Task description
The line with "l'instrument de comptage, le" and each line following it, up to the final line of the data, should be set down exactly; pictures stay out.

Exercise materials
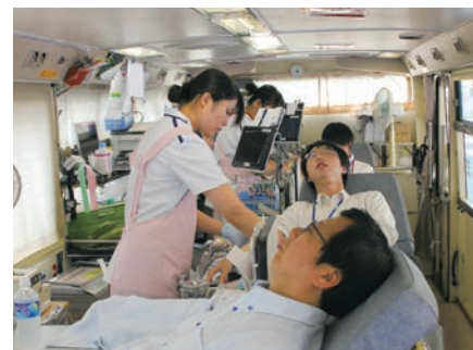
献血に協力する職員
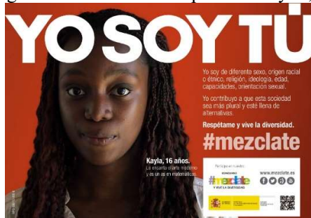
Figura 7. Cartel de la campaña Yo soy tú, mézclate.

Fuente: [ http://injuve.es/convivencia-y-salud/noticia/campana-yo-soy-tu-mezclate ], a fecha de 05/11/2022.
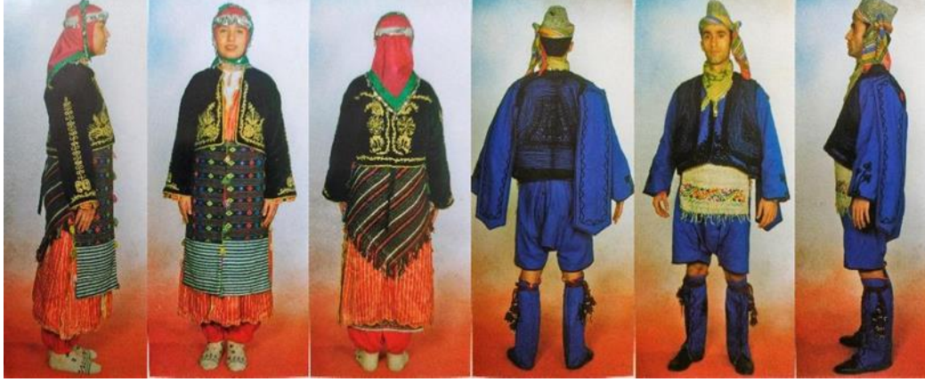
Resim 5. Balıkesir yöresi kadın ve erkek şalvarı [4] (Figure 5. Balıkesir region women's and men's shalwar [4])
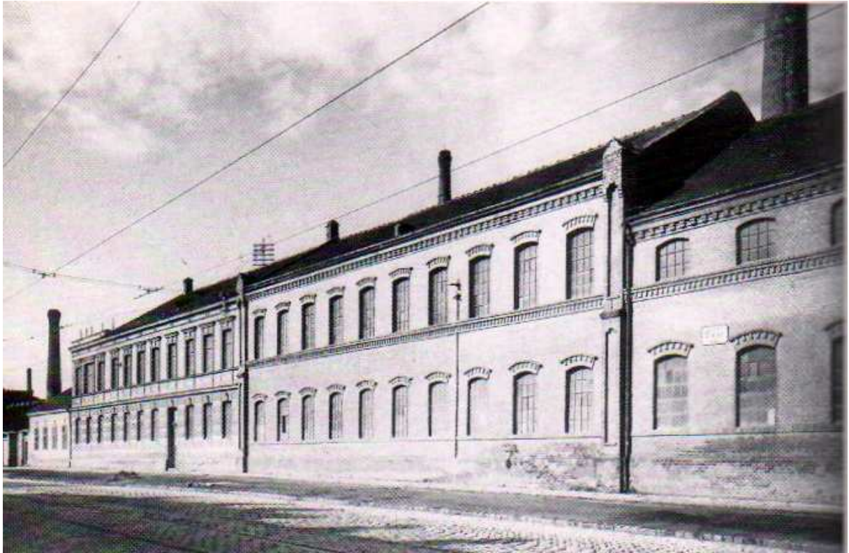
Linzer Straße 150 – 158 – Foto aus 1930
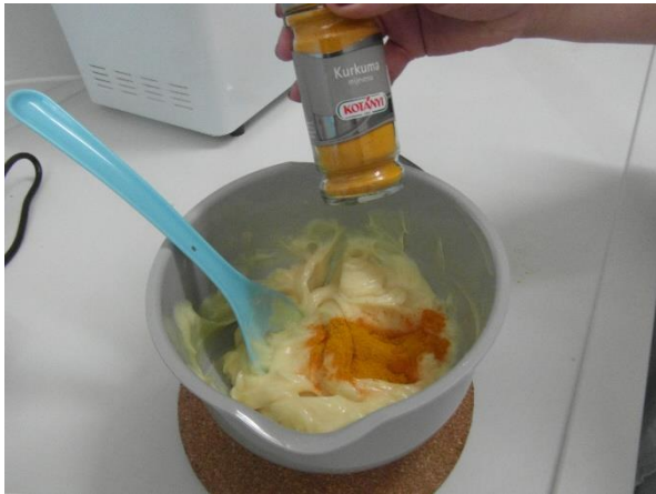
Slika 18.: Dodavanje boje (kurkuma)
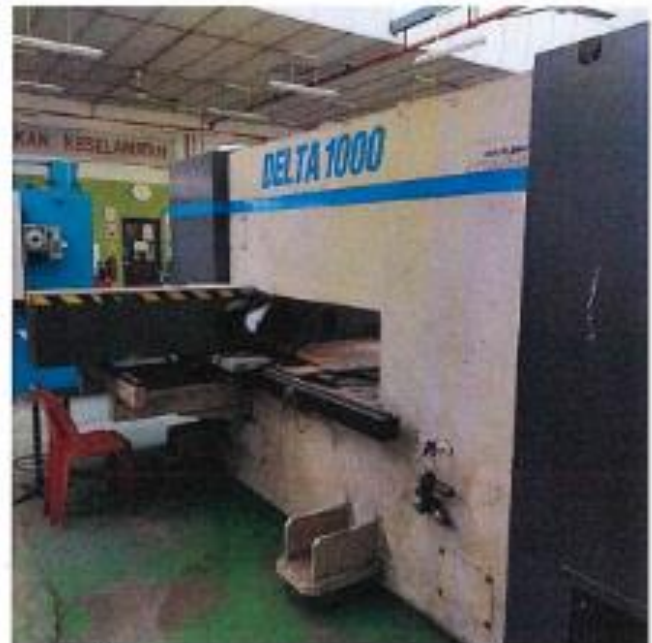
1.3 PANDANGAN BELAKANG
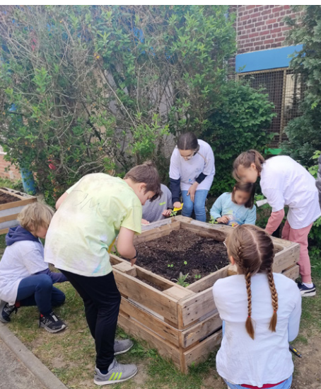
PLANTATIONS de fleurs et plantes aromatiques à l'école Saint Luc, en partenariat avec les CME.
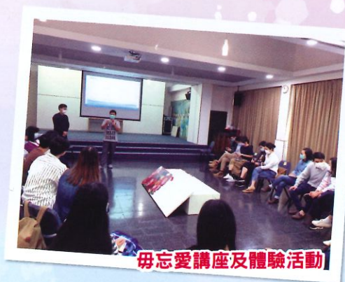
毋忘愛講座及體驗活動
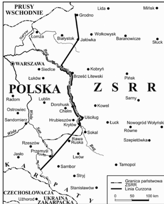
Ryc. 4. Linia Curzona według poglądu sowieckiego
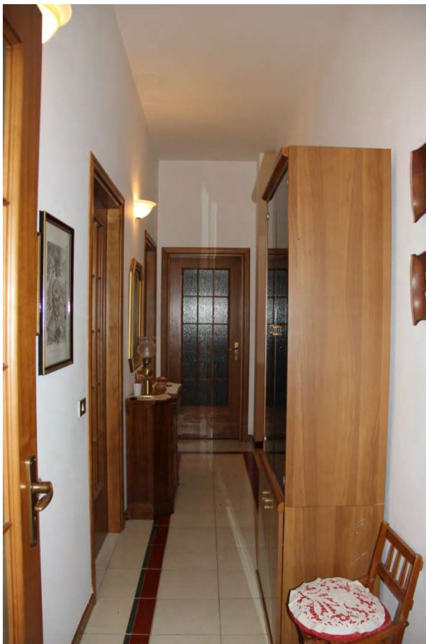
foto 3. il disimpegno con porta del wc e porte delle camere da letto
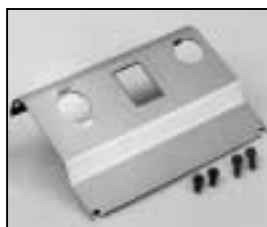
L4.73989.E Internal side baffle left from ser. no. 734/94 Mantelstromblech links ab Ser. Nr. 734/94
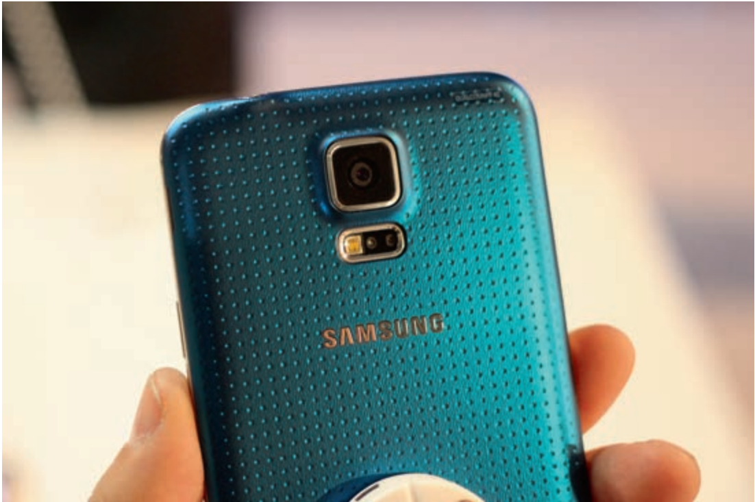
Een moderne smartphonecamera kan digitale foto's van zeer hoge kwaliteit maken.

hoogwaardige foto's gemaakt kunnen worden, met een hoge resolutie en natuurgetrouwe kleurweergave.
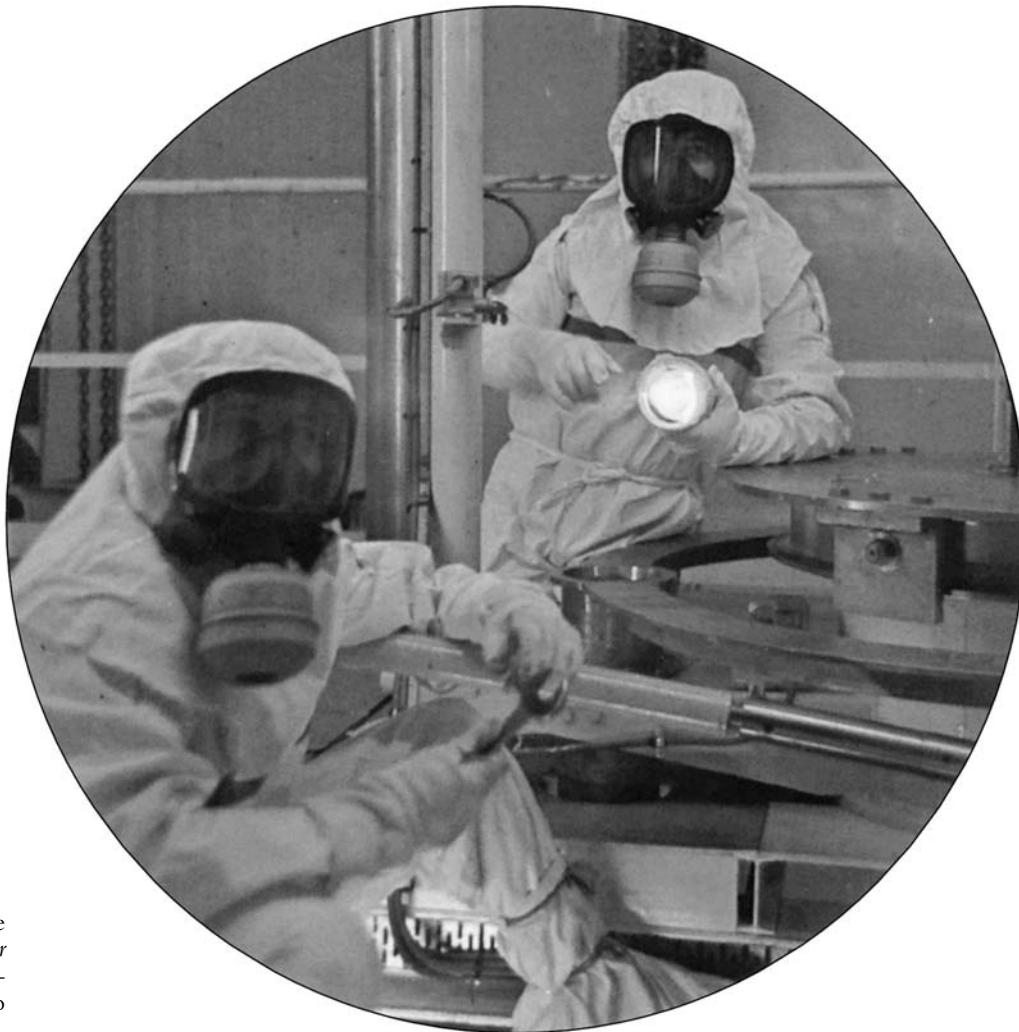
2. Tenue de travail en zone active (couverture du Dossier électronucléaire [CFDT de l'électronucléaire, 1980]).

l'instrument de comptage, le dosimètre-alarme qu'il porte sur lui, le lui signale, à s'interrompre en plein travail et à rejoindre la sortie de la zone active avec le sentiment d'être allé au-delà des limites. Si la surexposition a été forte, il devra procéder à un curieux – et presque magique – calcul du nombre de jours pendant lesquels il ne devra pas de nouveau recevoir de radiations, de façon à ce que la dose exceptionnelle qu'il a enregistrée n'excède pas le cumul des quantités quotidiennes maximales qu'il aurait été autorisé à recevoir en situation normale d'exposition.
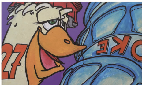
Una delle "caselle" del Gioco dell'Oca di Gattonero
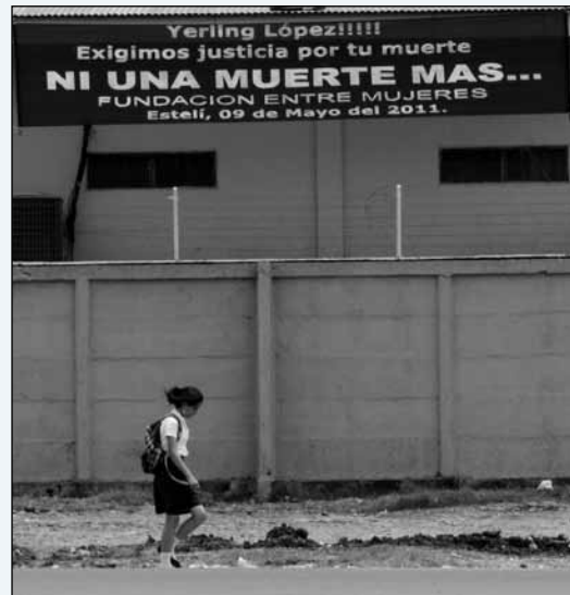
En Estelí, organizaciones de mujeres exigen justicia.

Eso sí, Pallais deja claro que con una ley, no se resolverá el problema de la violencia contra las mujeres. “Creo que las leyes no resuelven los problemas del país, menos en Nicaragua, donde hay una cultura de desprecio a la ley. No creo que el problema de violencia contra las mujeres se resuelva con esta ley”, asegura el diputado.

Task response
l'instrument de comptage, le dosimètre-alarme qu'il porte sur lui, le lui signale, à s'interrompre en plein travail et à rejoindre la sortie de la zone active avec le sentiment d'être allé au-delà des limites. Si la surexposition a été forte, il devra procéder à un curieux – et presque magique – calcul du nombre de jours pendant lesquels il ne devra pas de nouveau recevoir de radiations, de façon à ce que la dose exceptionnelle qu'il a enregistrée n'excède pas le cumul des quantités quotidiennes maximales qu'il aurait été autorisé à recevoir en situation normale d'exposition.
Una delle "caselle" del Gioco dell'Oca di Gattonero
En Estelí, organizaciones de mujeres exigen justicia.

Eso sí, Pallais deja claro que con una ley, no se resolverá el problema de la violencia contra las mujeres. “Creo que las leyes no resuelven los problemas del país, menos en Nicaragua, donde hay una cultura de desprecio a la ley. No creo que el problema de violencia contra las mujeres se resuelva con esta ley”, asegura el diputado.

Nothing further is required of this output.